C, Eb, and G walk into a "bar"

The bartender says, "Sorry, but we don't serve minors" So E-Flat leaves and C and G have an open 5th between them.
After a few drinks the 5th is diminished and the G is out flat. An F comes in and tries to augment the situation but is not sharp enough. A D comes into the bar and heads straight for the bathroom saying,*Excuse me, I'll just be a second"

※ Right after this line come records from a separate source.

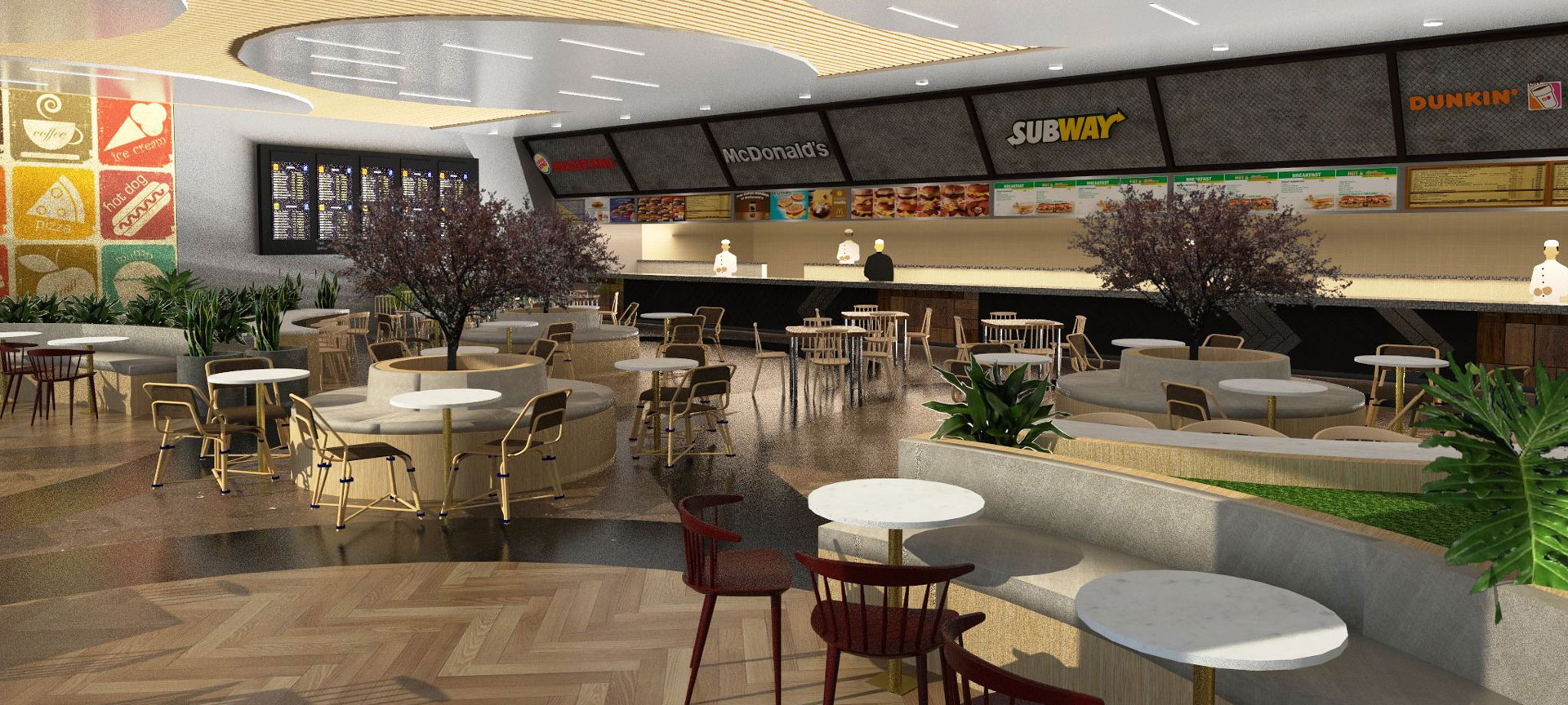 The food and beverage area for Kochi Domestic Terminal, presents airport dining through considered spatial design that prioritizes passenger experience and operational clarity. The project
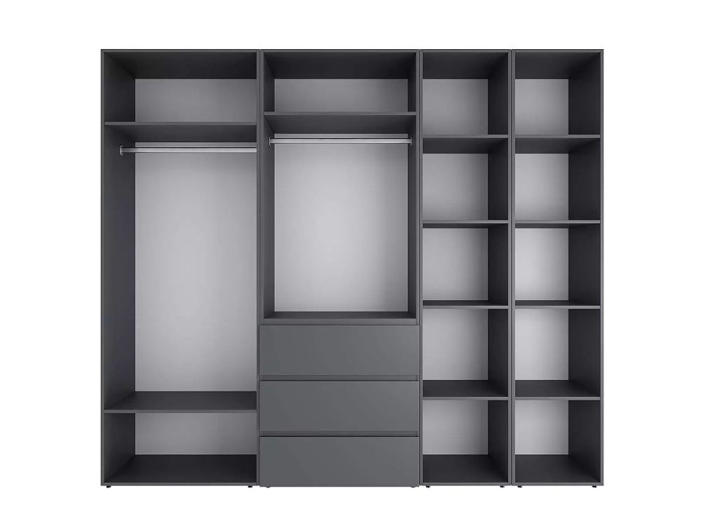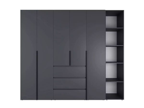 Конструкція даної моделі є комбінацією таких елементів серії: шафа дводверна Light 1, шафа дводверна з ящиками Light 2, пенал закритий з полицями Light 1 і пенал відкритий Light, які з'єднуються між собою за допомогою спеціальних болтів. Це дуже практично, тому що ви зможете вибрати послідовність встановлення секцій для вашої зручності. У вашому розпорядженні два відділення зі штангою для одягу різної довжини, три висувні ящики для повсякденного одягу та білизни, відділення з полицями для одягу та відкриті полиці для книг та елементів декору. Значна висота шафи дозволяє використовувати верхні полиці для зберігання сезонного одягу, взуття в коробках, ковдр чи подушок.
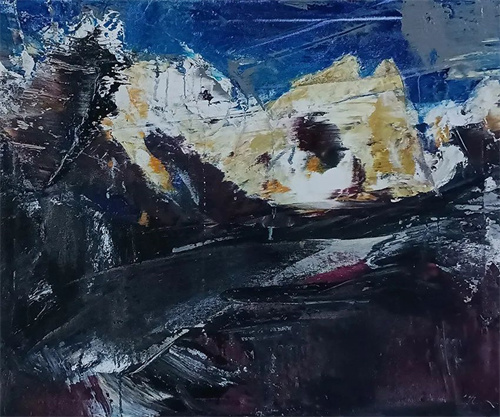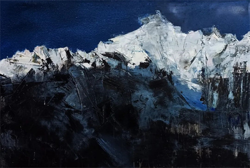 隨著年歲和閱歷漸長,在八九的畫作中,雪山有了別人看不到的一面。躍然于畫布上的是沉淀、是總結(jié)、更是對(duì)家鄉(xiāng),對(duì)祖國大好河山的喜愛之情。
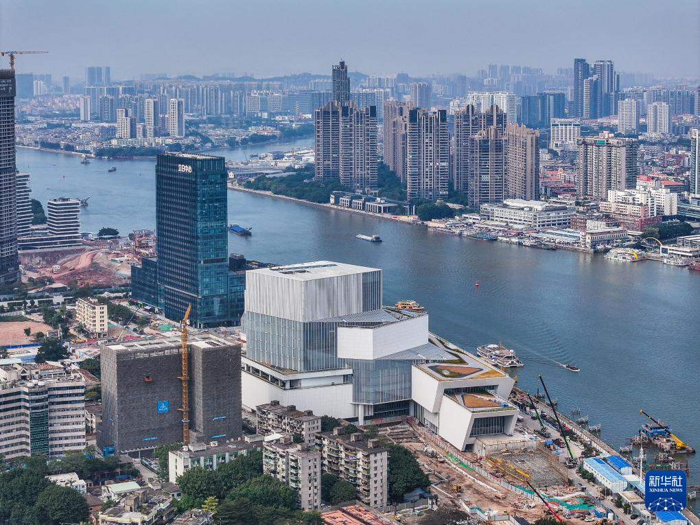 2024年4月27日拍摄的即将正式启用的白鹅潭大湾区艺术中心(右)。
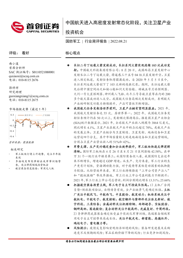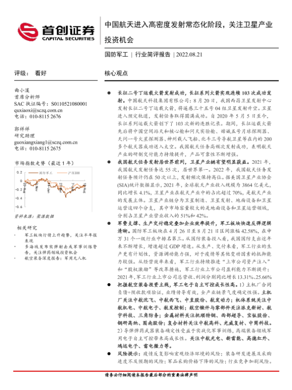 【首创证券】【20220821】中国航天进入高密度发射常态化阶段,关注卫星产业投资机会-7页
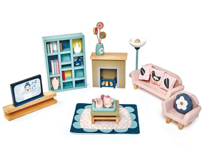 ★ 內含豐富的起居室配件,有:電視、書架、沙發等,還有精緻的茶杯組,提供多樣化的選擇。
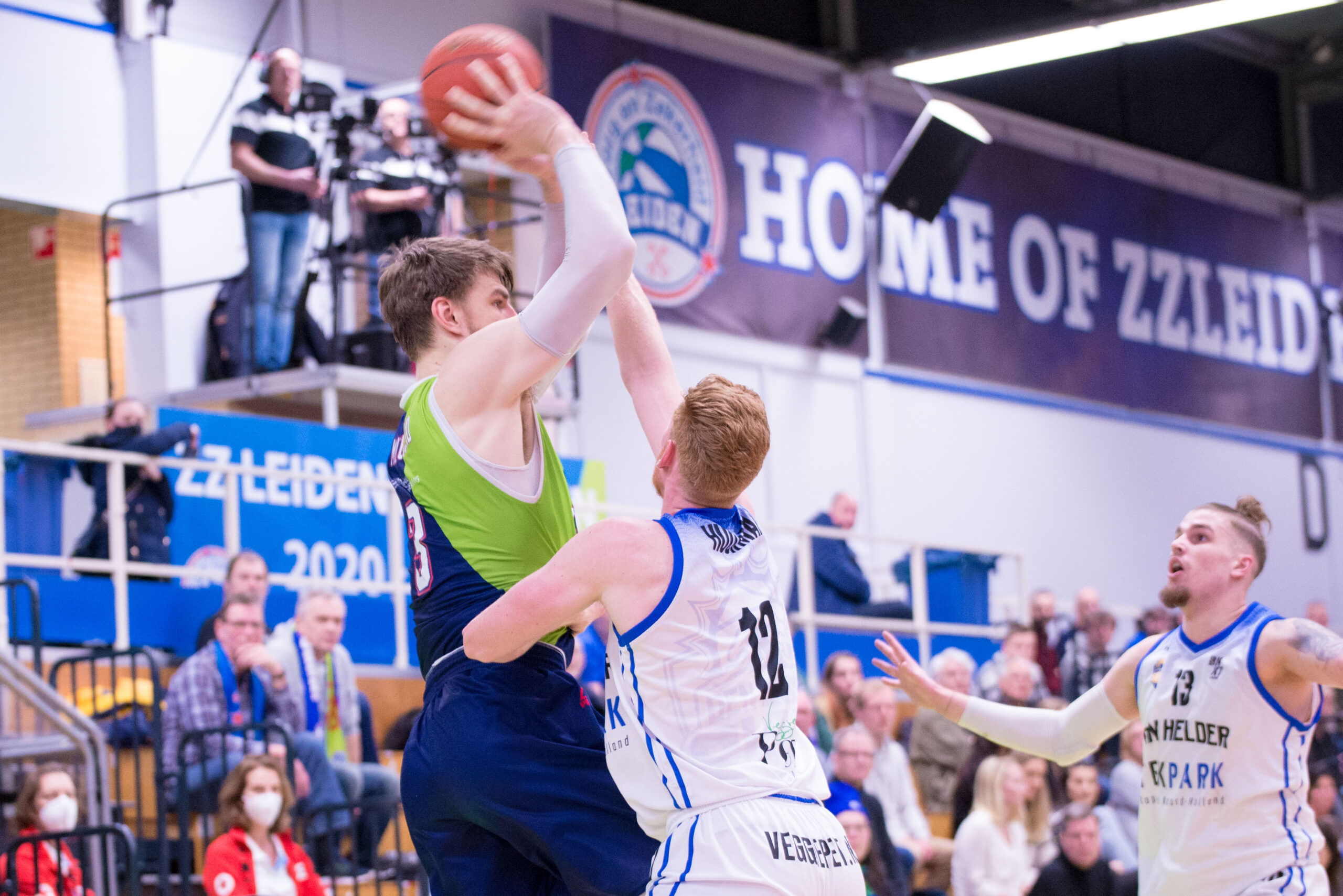 ZZ Leiden begint voortvarend aan de wedstrijd en weet geregeld de aanval van Den Helder te onderscheppen. Niet alle overnames leiden tot scores voor de thuisploeg, maar de mannen van coach Geert Hammink komen geen moment in gevaar. In het derde kwart wordt de voorsprong ruim twintig punten. En dat voordeel wordt niet meer uit handen gegeven. Luuk van Bree maakt 25 punten en de vooraf gehuldigde Worthy de Jong als speler van de maand december trakteerde de trouwe aanhang op een paar mooie acties.

An A comes into the bar but the bartender is not convinced this realtive of C is not a minor. Then the bartender notices a B-Flat hiding at the end of the bar and excalims, "Get out now! You're the seventh minor I've found in the bar tonight." The E-Flat is not easily deflated, comes back to the bar the next night in a 3-piece suit with nicely shined shoes. The bartender who used to have a nice coporate job until his company downsized, says, "You're looking sharp tonight, come on in! This could be a major development." This proves to be the case as the E-Flat takes off the suit and everything else and stands there au natural.
Eventually C sobers up and realizes in horror he is under a rest. The C is brought to trial, found guilty of contributing to the diminution of a minor, and is sentenced to 10 years of DS without Coda at an upscale correctional facility. On appeal, however, the C is found innocent of any wrong doing, even accidental, and that all accusations to the contrary are bassless.